As we were walking out of my workplace, after a yoga session, I, my friend and our instructor were talking about people who does crazy yoga poses in public and in photos. My instructor said, actually, most of the difficult poses in yoga are not meant for everyday practice but are supposed to be used for demonstration purposes. Then, from that context, he suddenly blurted out “Just like pole dancing, why do you do pole dancing?” The tone was disagreeing, hence, the natural humanistic reaction, of course, was to defend my motives. I tried to convince him, and partially myself, without thinking much, I replied defensively and mentioned some general benefits of pole dancing and any other sports. I said “for toning, flexibility and I want to compete.”
I wasn’t convinced with my own spontaneous answers. I had to know for sure what my motives are. I do not want to do things just for superficial purposes like to take photos or just to pose with the pole and wait for people’s thumbs up on my photos. It has to be more than that. I walked home thinking, “Why am I really doing it? What are my motivations for going crazy over it?” It’s time to introspect once again. Well, this is how I feel when I am grooving around the pole;
When I dance, music possesses me. I move like a river flowing through the rhythm and beat. I am alive. I am able to express myself, as a woman, gracefully and creatively. I am a very good singer too but dancing feels more comfortable.

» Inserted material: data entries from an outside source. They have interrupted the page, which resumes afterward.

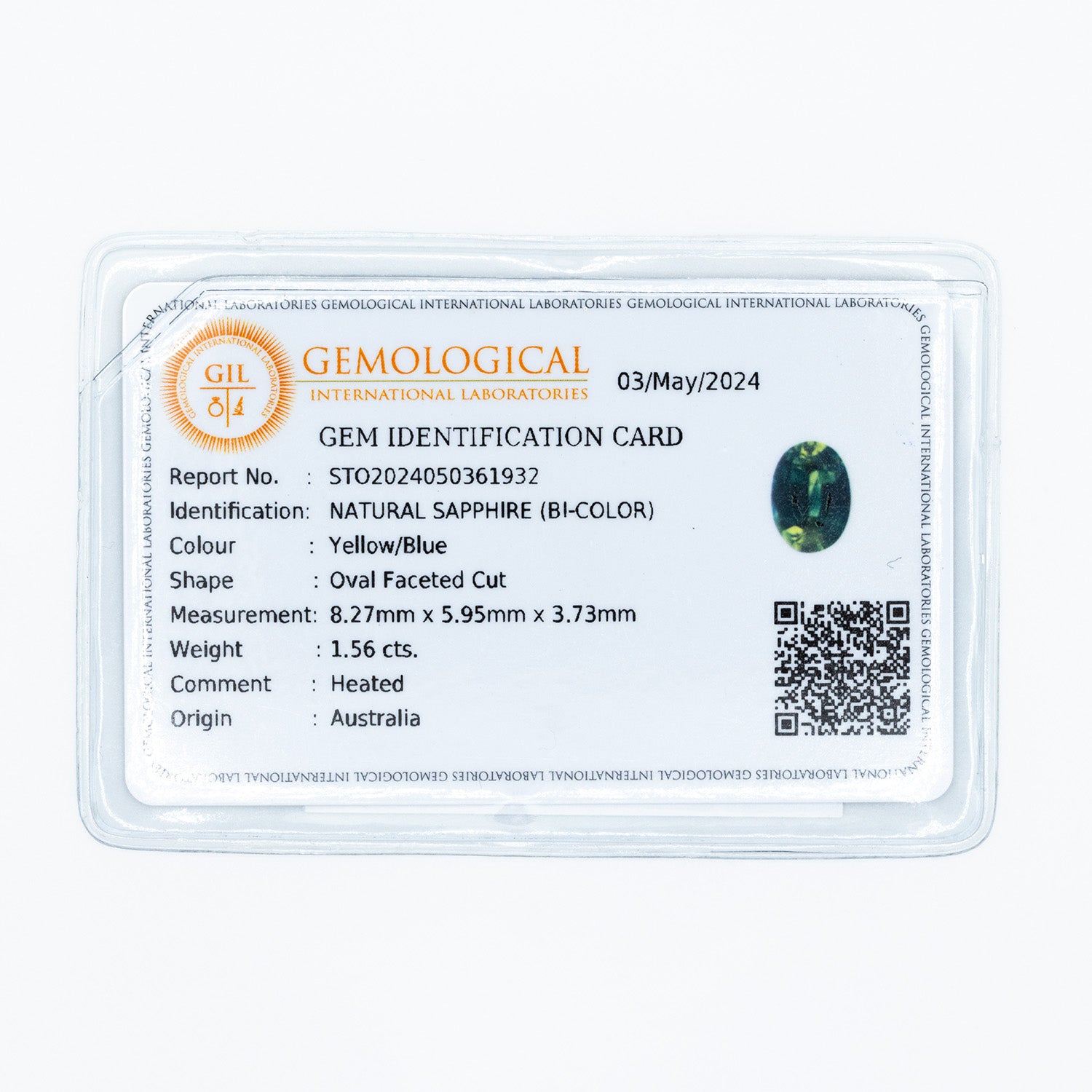 This 1.56ct heat-treated parti color Australian sapphire features a vivid blue-yellow color with exceptional VVS clarity for near-flawless brilliance. Measuring 8.27 mm x 5.95 mm, its striking hues and expert faceting make it a unique and elegant choice for fine jewelry. A rare and ethically sourced gem, perfect for collectors and connoisseurs. Accompanied by certificate issued by Gemological International Laboratories (GIL).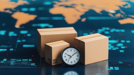 Hands holding clocks over a map, symbolizing global time zones and time management.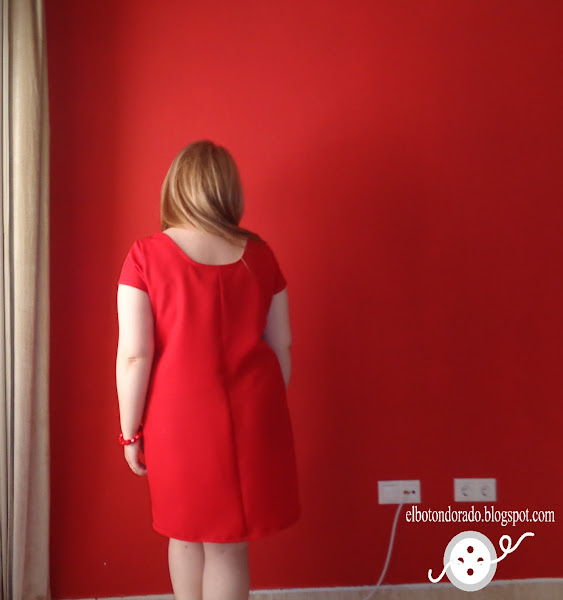 Es extravagante, para qué engañarnos, pero últimamente en sus colecciones tiene modelos ponibles y de patrones sencillos. Este vestido no deja de ser un vestido rojo, de corte recto, con pinzas en el pecho y escote profundo redondeado.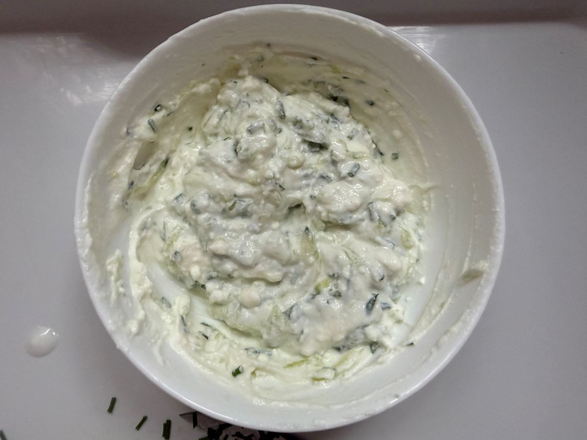 tejfölt/joghurtot, a zúzott fokhagymát, citromlevet és a sót. Keverd bele a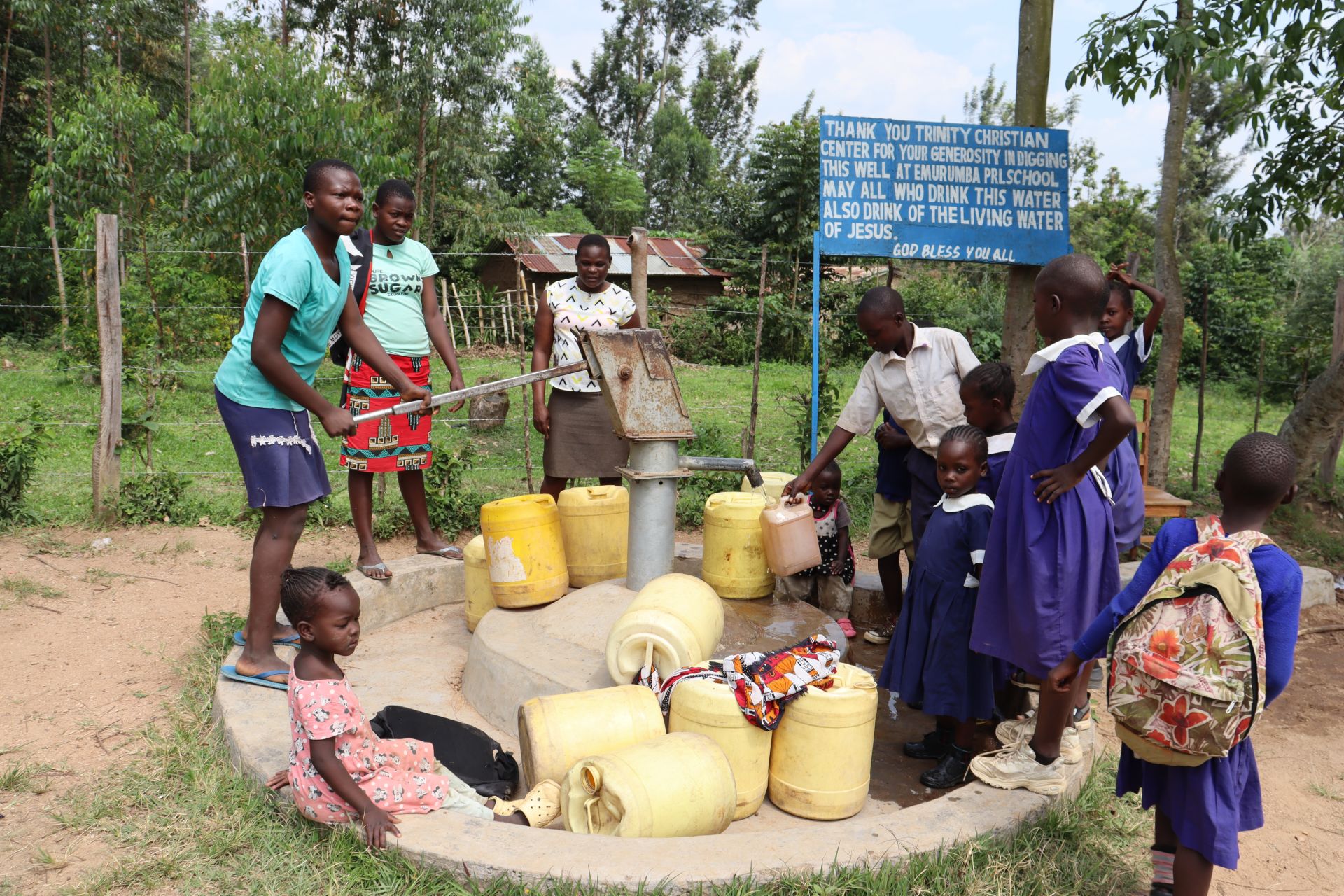 A hand-dug well teases the 419 students and 16 staff members of Emurumba Primary School with the illusion of clean, sufficient water. But in reality, it often runs dry; the pipes that were installed are now rusty and contaminate the water. Although the well's condition is questionable, community members also use it, creating long lines that students have to wait in when they should be in class. When desperate, students go to unknown sources and bring unsafe water to school.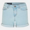 Noisy May solid bermuda shorts offer a slim fit, perfect for casual collections. These jean shorts feature a zip fly and front button closure, complemented by belt loops. Embellished with multiple pockets, including front, back, and coin pockets, along with detailed stitching and a button placket, these shorts are both functional and stylish. -

Though we haven’t really gone into choreographed pole dancing yet, I can’t stop dreaming of that day that I will be dancing endlessly with the pole. When I lift myself up, I feel glamorous yet strong. I am at my strongest and my muscles can attest to that. I can see that I am at my fittest and due to that, I feel better about myself. I am empowered not just physically but also emotionally.
When I do inverts I set goals for myself and work brutally hard to achieve it, my bruises can attest to that, and being able to do so makes me feel accomplished. I love challenges and I love overcoming them. When I can do poses that I couldn’t do before, I feel that I’m doing it for all my detractors and those who are skeptical about my motivations and purpose of doing this. I want to prove them that I can rise, literally and figuratively, above them.
I abhor the stigma that pole dancing is slutty and promiscuous and by learning pole, it makes me feel that I am one with all the women fighting against being controlled and dominated by social norms and restrictions. The more I hear “ewwww” from other people when I start talking about pole dancing, the more urge I have to continue doing it. I am a respectable person who’s doing pole dance. So what?
Pole dancing is sensual and sexy, just like any dances and arts. I feel free, with endless possibilities when I spin around the pole. I am happy to move around it. I am simply HAPPY!
Pole dance is not only about selling sex. It is now, widely accepted as a sport. I hope that before anyone judge this activity, why not give it a try first, you might end up loving it, just like me!